Cry46Ab is a crystal protein derived from B. thuringiensis strain TK-E6. Upon activation by proteinase K, Cry46Ab shows high cytotoxicities to human leukemic T cells (MOLT-4 and Jurkat), but not to human embryonal kidney cells (HEK293) (Hayakawa et al. 2007). Cry46Ab is, therefore, named parasporin 2Ab exhibiting preferential cytotoxicity against human cancer cells by Committee of Parasporin Classification and Nomenclature (http://parasporin.fitc.pref.fukuoka.jp/index.html). On the other hand, it has recently been reported that Cry46Ab shows apparent toxicity against Culex pipiens Coquillett (Diptera: Culicidae) mosquito larvae (Hayakawa et al. 2017). Toxicity spectra of Cry46Ab other than human leukemic T cells and C. pipiens mosquito larvae remains to be elucidate.

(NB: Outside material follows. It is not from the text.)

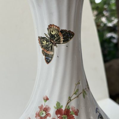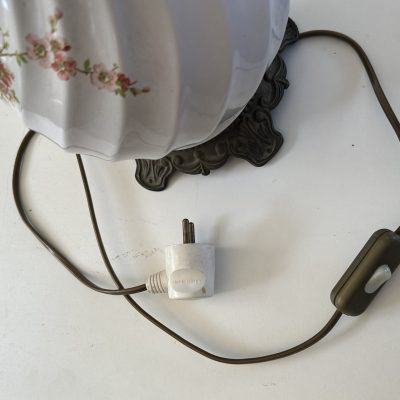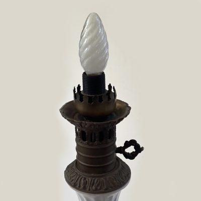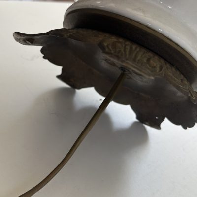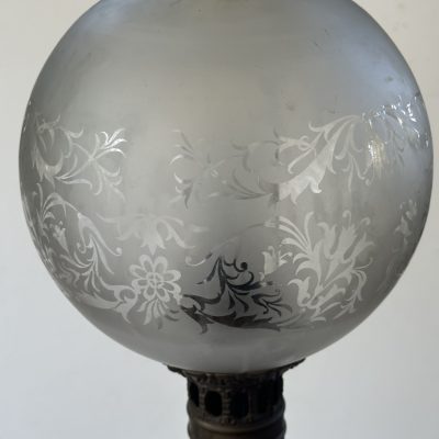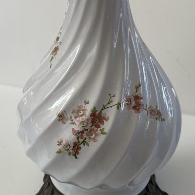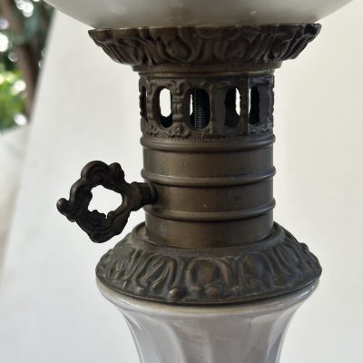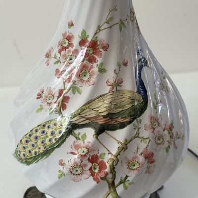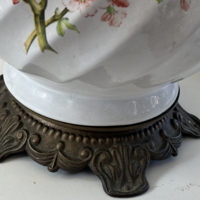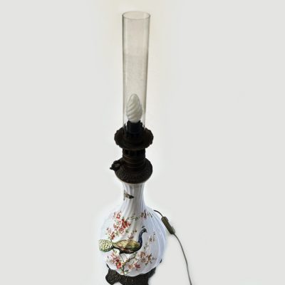 An magnificent oil lamp from the late 19th century that has been converted to electric power. It has a white porcelain body that has been hand-painted with a peacock and cherry blossom design. The frosted glass globe with etched floral designs, ribbed neck, and elaborate brass base all exhibit Asian-inspired artistry and Victorian elegance. This lamp, which combines practical design with Belle Époque opulence, is ideal for lending vintage charm to mantels or side tables.

Interestingly, co-administration of Cry46Ab with other mosquitocidal Cry toxins, especially the combination of Cry46Ab with Cry4Aa from Bti, results in significant synergistic toxicity against C. pipiens mosquito larvae (Hayakawa et al. 2017). Cry46Ab thus may be a good candidate to improve the activity of crystal toxin insecticides currently in use, and may prolong the life of Bti-based bioinsecticides. Cry46Ab shows highest homology (84% identity at the amino acid sequence level) to Cry46Aa, a toxin that also is referred to as parasporin-2Aa, from B. thuringiensis strain A1547 (Ito et al. 2004). Cry46Ab also shows relatively high homology (approximately 40% identity at the amino acid sequence level) to hydralysin, a toxin produced by the green hydra Chlorohydra viridissima (Sher et al. 2005). Therefore, Cry46Ab is inferred to be a member of the aerolysin-type β pore-forming toxins, a family that includes parasporin-2Aa and hydralysin. In general, aerolysin-type toxins are produced by a very diverse group of organisms, and this large family of toxins contains not only aerolysins from Aeromonas hydrophila and related Aeromonas species, but also epsilon toxin from Clostridium perfringens, alpha toxin from C. septicum, enterolobin from Enterolobium contortisiliquum (a Brazilian tree), and Mtx toxin from Lysinibacillus sphaericus (Knapp et al. 2010). Aerolysin-type toxins share structural similarities in their domains, and all act as cytolysins via pore formation. On the other hand, Cry toxins can be divided into several distinct homology groups (Schnepf et al. 1998), and most of them (nearly 90%) belongs to the three-domain Cry toxin group (see http://www.lifesci.sussex.ac.uk/home/Neil_Crickmore/Bt/). The three-domain Cry toxin is a member of the α pore-forming toxin which employ α-helices to insert into the membrane, and are believed to form cation-selective channel-pores (Xu et al. 2014).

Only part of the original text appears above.